Qwen Goes Brrr: Off-the-Shelf RAG for Ukrainian Multi-Domain Document Understanding

2026-05-11Computation and Language

Computation and LanguageArtificial IntelligenceInformation RetrievalMachine Learning
AI summary

The authors took part in a competition where computers had to answer Ukrainian multiple-choice questions by finding information inside PDF documents. They built a system that first breaks down PDFs carefully, then retrieves parts of the documents based on the question and possible answers, and finally picks answers from the best pieces found. Their approach improved how well the system identified the right passages and increased its accuracy at answering questions. They found that keeping the document’s original layout and tailoring the search to both questions and answers worked better than using complicated extra tricks.

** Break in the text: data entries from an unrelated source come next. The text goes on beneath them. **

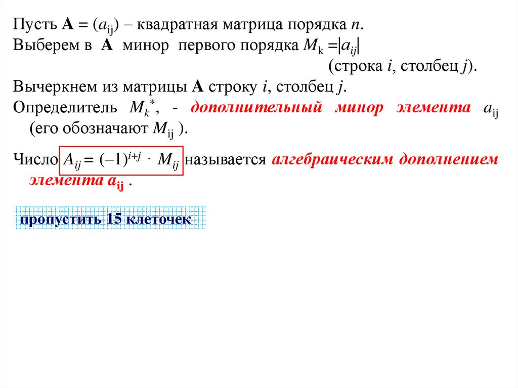 Число Aij = (–1)i+j · Mij называется алгебраическим дополнением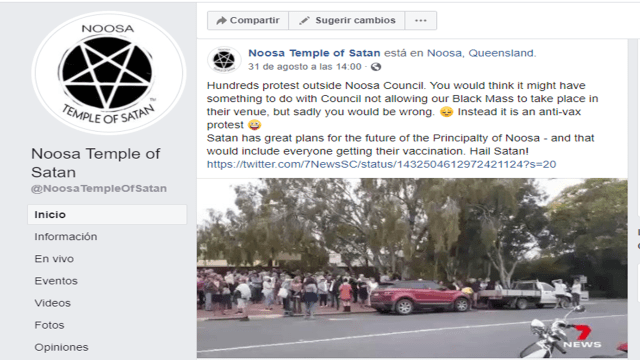 Por su parte la logia satánica “Nossa Temple Of Satán” publico en su muro de Face Book: “Cientos de personas protestan frente al Ayuntamiento de Noosa. Pensarías que podría tener algo que ver con el Ayuntamiento para que no permita que nuestra Misa Negra se lleve a cabo en su lugar, pero, lamentablemente estas equivocado. En cambio, es una protesta anti-vax.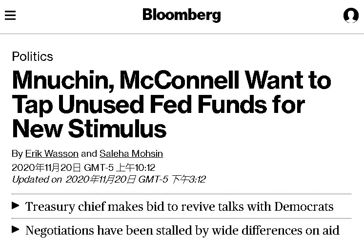 據彭博社報道,美國財政部長姆努欽正在重啓與國會民主黨人之間陷入僵局的紓困談判,他提議將未被利用的美聯儲救助資金作為新的援助計劃的一部分。姆努欽和參議院多數黨領袖麥康奈爾11月20日討論了這一策略,標誌着特朗普政府在大選後首次在紓困法案上有所行動。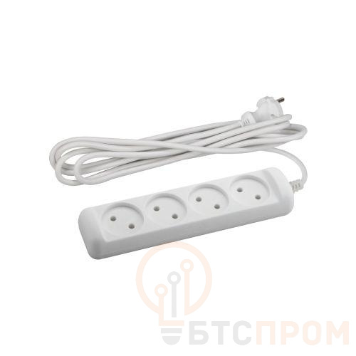 Бытовой удлинитель ЭРА UX-4-5m на 4 розетки, без заземления, с удлинённым проводом ШВВП 5 метров. Рассчитан для подключения простых бытовых приборов стандартной мощности. Максимальная нагрузка - 6 A/ 1300 Вт. Базовый белый цвет, аккуратный дизайн с закруглёнными углами. Для комфорта и безопасности гнёзда слегка "утоплены" в корпус. Изготовлен из надёжного полипропилена со специальными антипиренами, препятствующими горению.
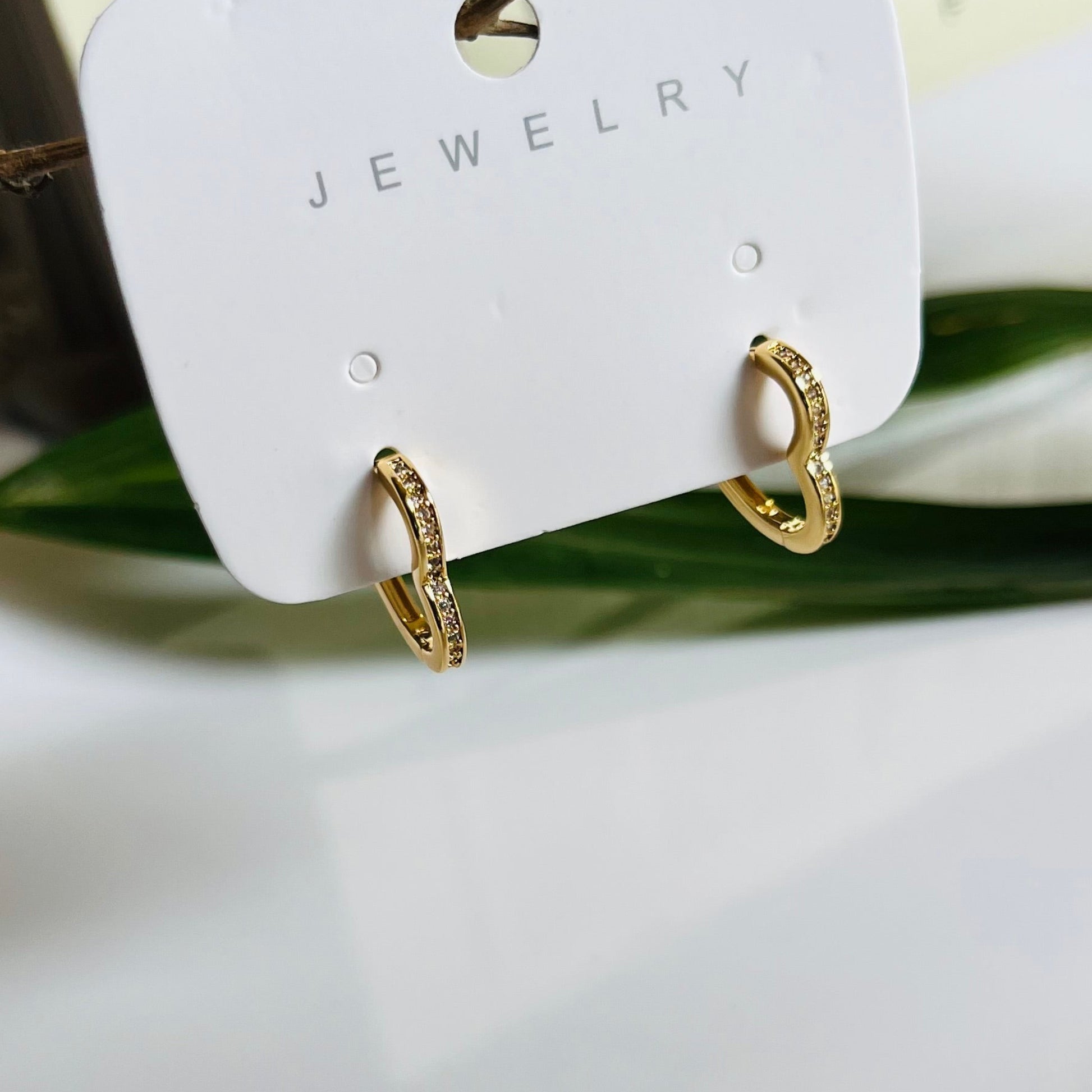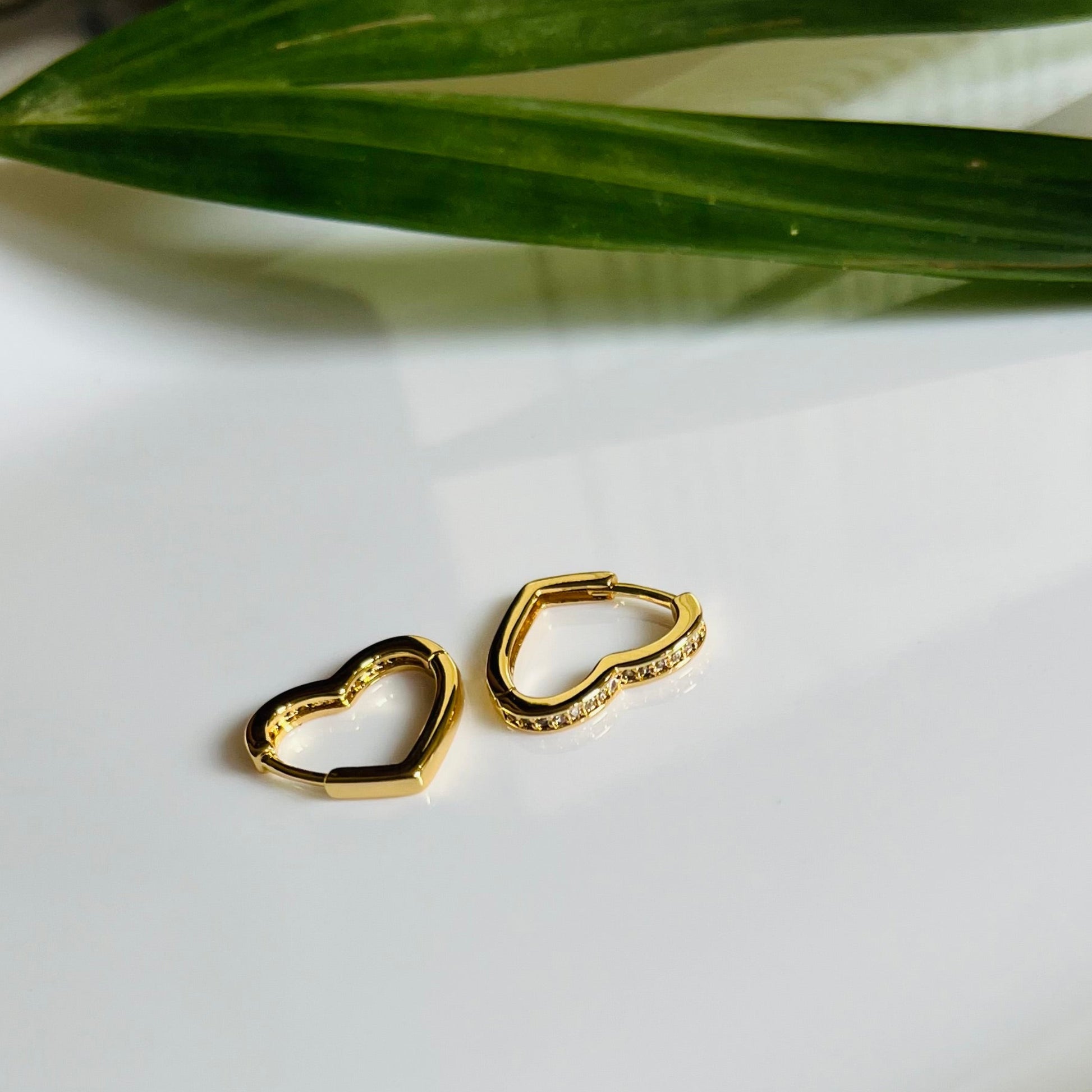 Earrings : Dazzling heart-shaped 18K gold-plated huggie hoop earrings, beautifully designed with a sleek polished finish and delicate cubic zirconia detailing for a romantic and timeless look.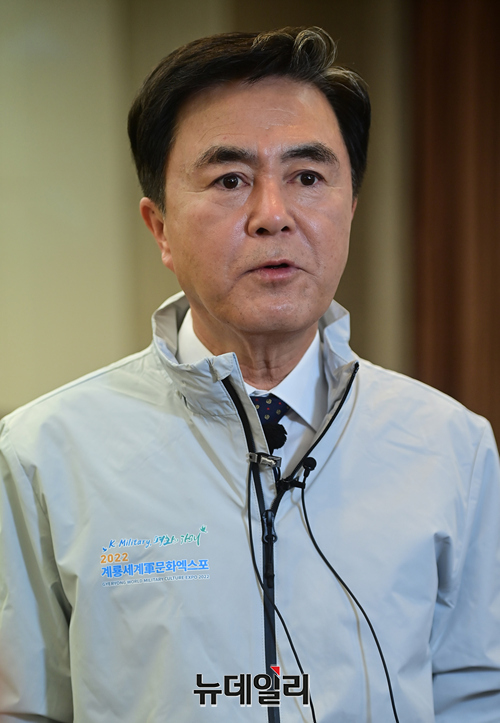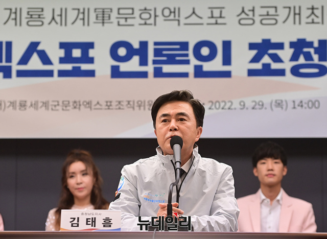 김태흠 충남지사가 29일 오후 서울 중구 한국프레스센터에서 열린 '2022 계룡세계군문화엑스포' 기자간담회에서 인사말을 하고 있다.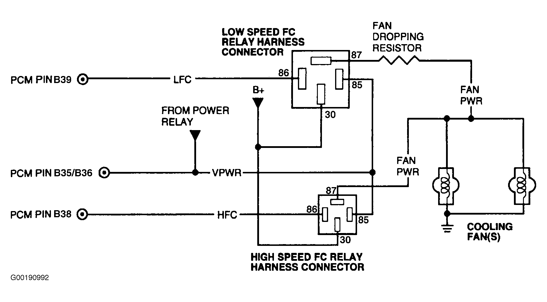 Disconnect both cooling fan harness connectors. Using a DVOM, measure resistance between chassis ground and FAN PWR circuit at cooling fan harness connector. If resistance is more than 10 k/ohms, go to next step. If resistance is 10 k/ohms or less, locate and repair short to ground in FAN PWR circuit. Recheck cooling fan operation. - 53) Check HFC & LFC Relay Operation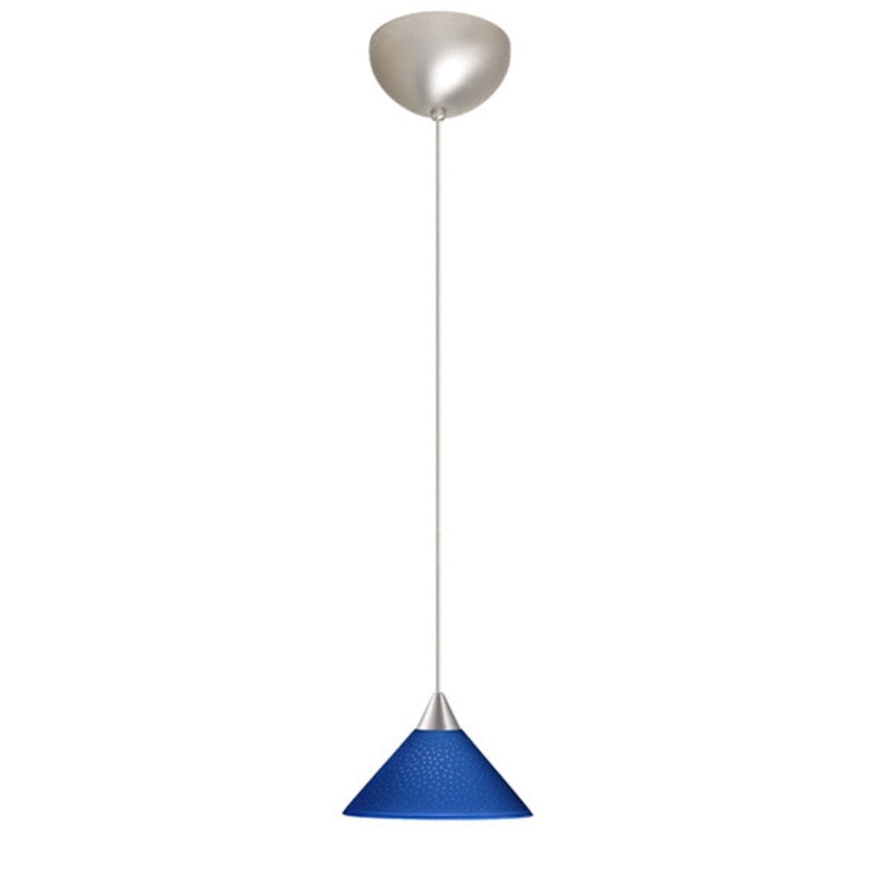 The Kona pendant features a wide cone-shaped glass, that demonstrates contemporary sensibilities. Our Blue Starpoint glass is pressed glass that features small points of clear that project from the blue outer and white inner finish, creating a star-light effect. When lit the glass is vitalizing as well as stylish. The gleaming color can accent any modern or classic dcor. This handcrafted glass uses a process where every glass is consistently produced using a press mold, keeping variations to a minimum. The 12V cord pendant fixture is equipped with a 10′ coaxial cord with Teflon jacket and an “Easy Install” Dome monopoint canopy. These stylish and functional luminaries are offered in a beautiful Satin Nickel finish.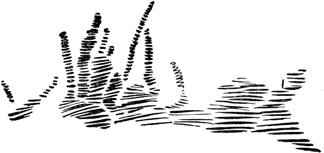“Meat! Meat!” and louder; then the centre of attraction came in view—a rough, dirty little man with a push-cart; while straggling behind him were a score of Cats that joined in his cry with a sound nearly the same as his own. Every fifty yards, that is, as soon as a goodly throng of Cats was gathered, the push-cart stopped. The man with the magic voice took out of the box in his cart a skewer on which were pieces of strong-smelling boiled liver. With a long stick he pushed the pieces off. Each Cat seized on one, and wheeling, with a slight depression of the ears and a little tiger growl and glare, she rushed away with her prize to devour it in some safe retreat.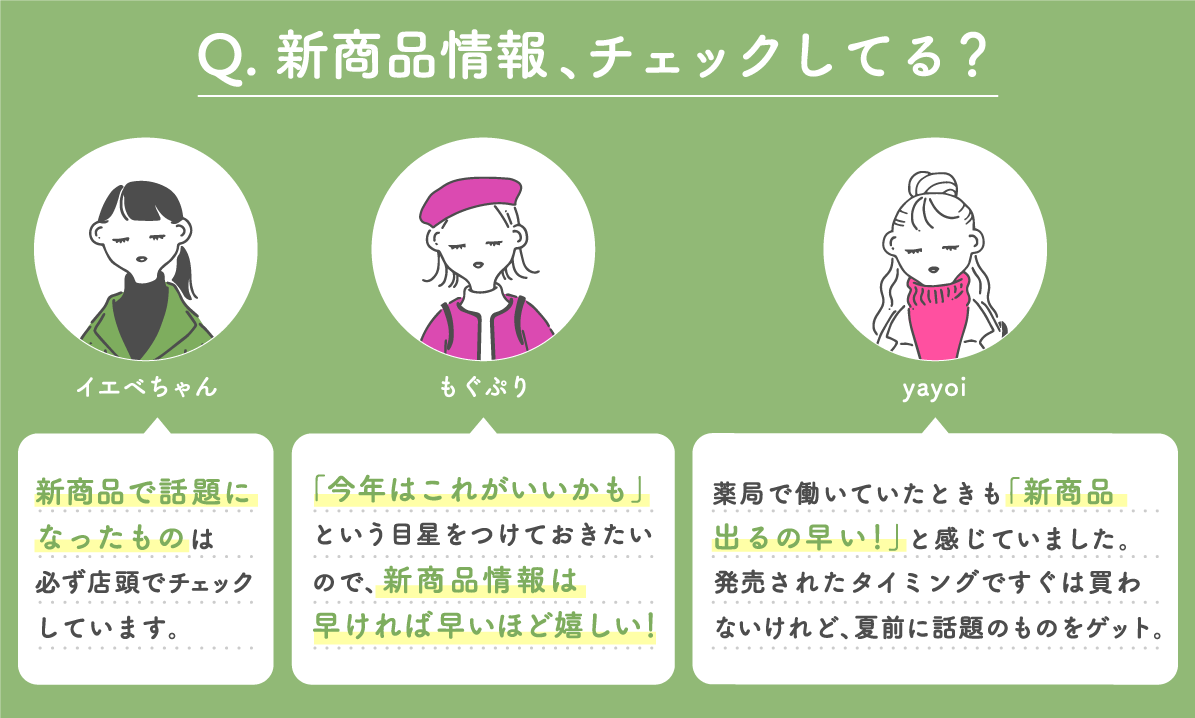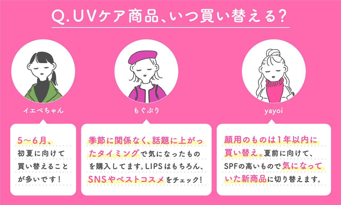 実際に、5・6月ぐらいにUVケアアイテムを買い換えるというイエベちゃんさんは「春先に出た新商品で、話題になったものは必ず店頭でチェックする」とのこと。チェックするタイミングと使い始めるタイミングにラグがあるよう。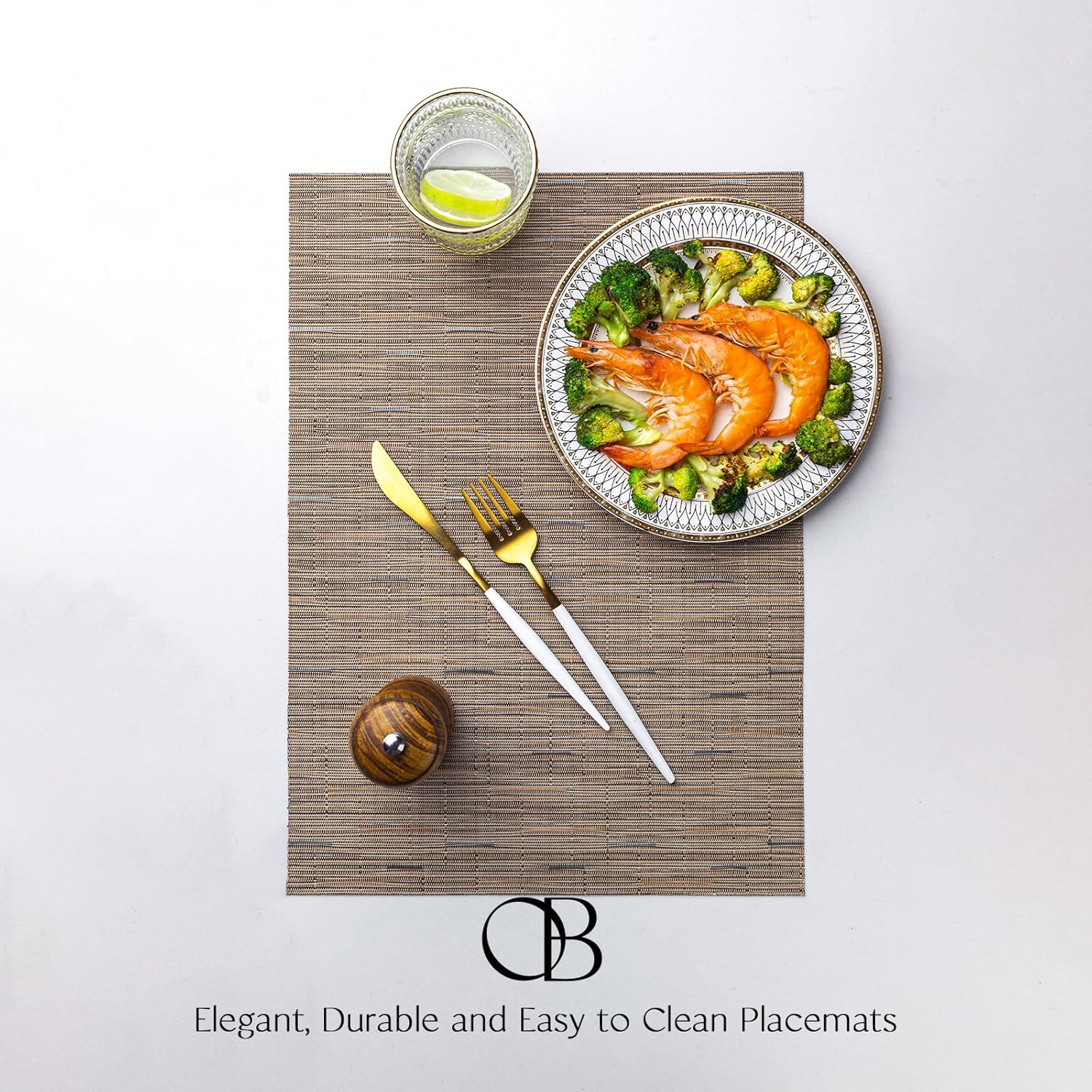 Placemats Set of 12 - Easy Clean Woven Vinyl Placemats for Dining Table, Indoor/Outdoor Place Mats, Washable PVC Table Mats (Light Brown)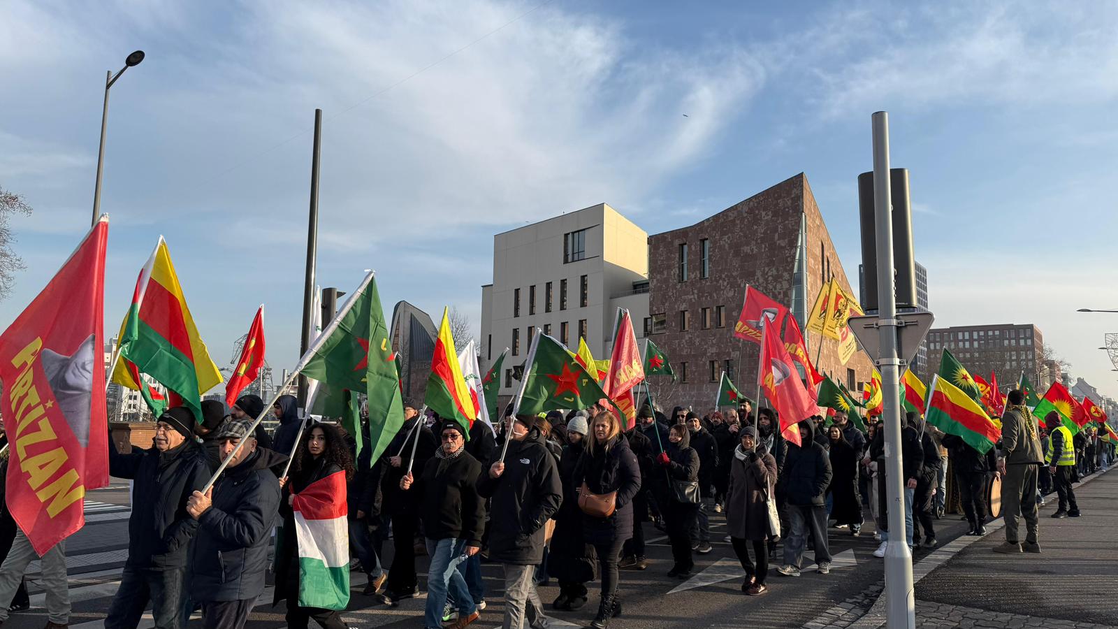 Kürdistanlı kurumlar, dost kuruluşlar ve siyasi partilerin destek verdiği yürüyüş, şehrin merkezi noktalarından başlayarak Ren Nehri üzerindeki köprüleri kapsayan güzergâh boyunca sürdü. Katılımcılar YPG ve YPJ bayrakları ile Kürdistan’ın dört parçasını temsil eden semboller taşıdı.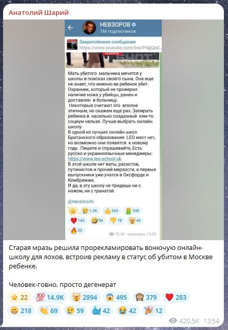 Ему там в комментах накидали большую-пребольшую панаму. Причем его же поклонники, такие же ушибленные, но еще сохранившие, видимо, остатки мозгов. Обращаюсь к ветеранам больницы им. Скворцова-Степанова: "Граждане медики, доценты с кандидатами, как же вы упустили пациента?! Если уж беретесь лечить, надо это делать на совесть. В данном случае начинать надо было с лоботомии!". 🐶 Подпишись на Шарика! Гав!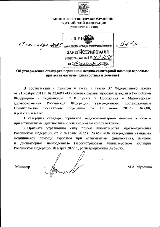 ПРИКАЗ Минздрава РФ от 17.09.2025 N 571н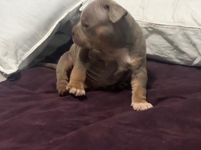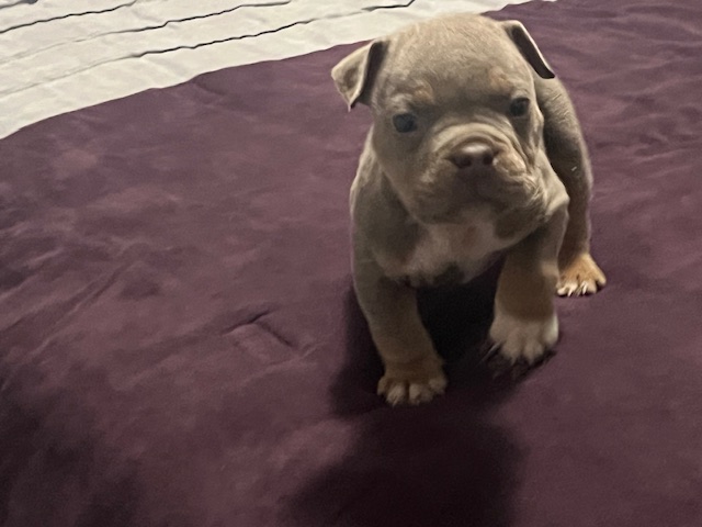 Introducing Ghost Reign, – Born, October 23rd 2025 – one of the most eye-catching males from our elite Icon × Bella breeding. This powerful Lilac Tri Micro Male brings an unforgettable look—icy tri points, compact frame, thick bone, and the bold headpiece Capcity Bullys is known for producing.
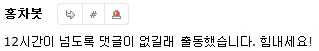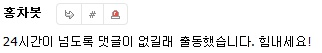 홍차봇님이 "24시간이 넘도록 댓글이 없길래 출동했습니다. 힘내세요!" 라는 댓글이 생기네요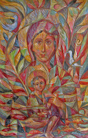 He lives with his family in Stroumbi where he has his workshop. Some consider him to be the greatest contemporary icon artist. I -love his works, not only for the colors but for the birds and floral patterns which appear in his works. Compared with most icons his work exudes warmth and humanity.

multi-domain document understandingPDF chunkingdense retrievalrerankinganswer generationRecall@1Qwen modelsmultiple-choice question answeringinformation retrieval
Authors
Anton Bazdyrev, Ivan Bashtovyi, Ivan Havlytskyi, Oleksandr Kharytonov, Artur Khodakovskyi
Abstract
We participated in the Fifth UNLP shared task on multi-domain document understanding, where systems must answer Ukrainian multiple-choice questions from PDF collections and localize the supporting document and page. We propose a retrieval-augmented pipeline built around three ideas: contextual chunking of PDFs, question-aware dense retrieval and reranking conditioned on both the question and answer options, and constrained answer generation from a small set of reranked passages. Our final system uses Qwen3-Embedding-8B for retrieval, a fine-tuned Qwen3-Reranker-8B for passage ranking, and Qwen3-32B for answer selection. On a held-out split, reranking improves Recall@1 from 0.6957 to 0.7935, while using the top-2 reranked passages raises answer accuracy from 0.9348 to 0.9674. Our best leaderboard run reached 0.9452 on the public leaderboard and 0.9598 on the private leaderboard. Our results suggest that, under strict code-competition constraints, preserving document structure and making relevance estimation aware of the answer space are more effective than adding complex downstream heuristics.